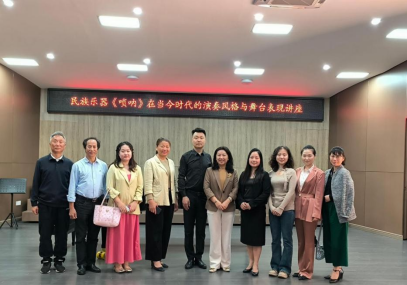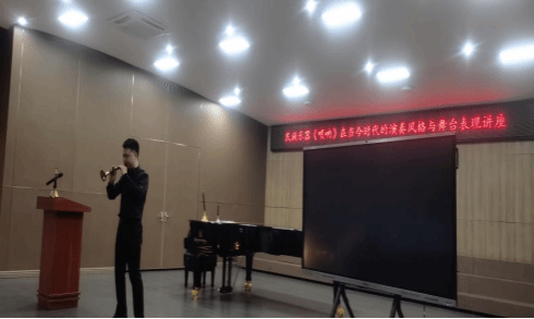 以艺为笔,绘就传承新篇。国家二级演奏员闫晋龙于3月24日在综合楼B栋音乐厅开展《民族乐器<唢呐>在当今时代的演奏风格与舞台表现》讲座。122cc太阳成集团副院长庄小清、教师代表、学生代表参加讲座。
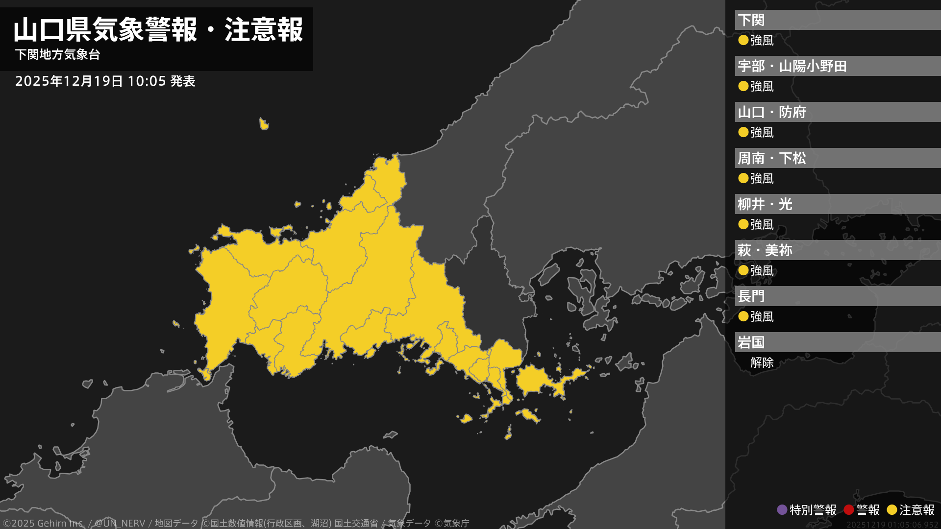 【山口県 気象警報・注意報 2025年12月19日 10:05】
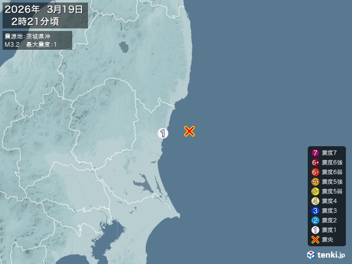 2時12分ごろ、M3.2 茨城兼沖 北緯36.6度 東経141.0度 深さ50km 最大震度1 日立市 https://earthquake.tenki.jp/bousai/earthquake/detail/2026/03/19/2026-03-19-02-21-53.html
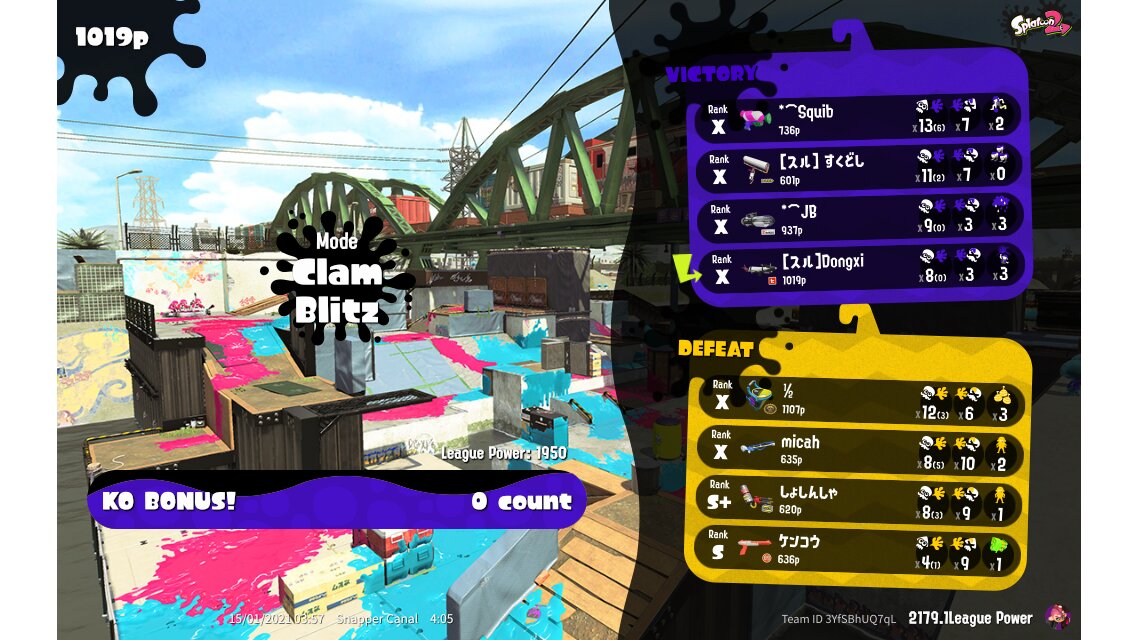 | Mode | Clam Blitz - League Battle (Twin) | ||||||||||||||||
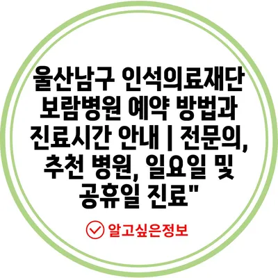 ✅ 울산남구 보람병원의 예약 방법과 진료시간을 지금 바로 알아보세요!
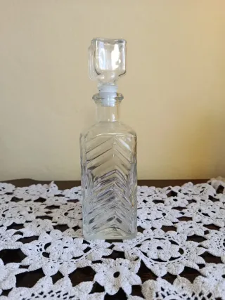 Bottiglia/decanter per liquori o whisky in vetro con un motivo a spina di pesce (chevron) e un tappo in vetro. È realizzato in vetro trasparente, permettendo di vedere il contenuto. Ha una forma quadrata o rettangolare e include un tappo in vetro che aiuta a preservare l'aroma e il sapore dei liquori.
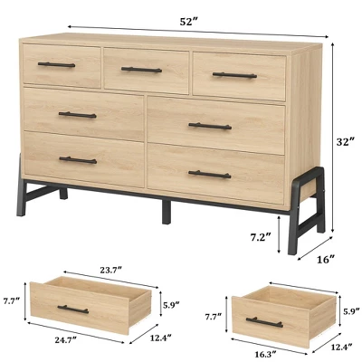 7 Dresser for Bedroom, 52″ Wide Dresser, Wide Drawer with Storage Freestanding, Wooden Closet Storage Chest for Living Room, Bedroom, Entryway

» **WHAT IS BEING ASKED**: Print again, exactly, the lines of the records above from the first line through the line with "2時12分ごろ、M3.2 茨城兼沖 北緯36.6度". No pictures.

» **SOLUTION FOR THIS PROBLEM**:
 以艺为笔,绘就传承新篇。国家二级演奏员闫晋龙于3月24日在综合楼B栋音乐厅开展《民族乐器<唢呐>在当今时代的演奏风格与舞台表现》讲座。122cc太阳成集团副院长庄小清、教师代表、学生代表参加讲座。
 【山口県 気象警報・注意報 2025年12月19日 10:05】
 2時12分ごろ、M3.2 茨城兼沖 北緯36.6度 東経141.0度 深さ50km 最大震度1 日立市 https://earthquake.tenki.jp/bousai/earthquake/detail/2026/03/19/2026-03-19-02-21-53.html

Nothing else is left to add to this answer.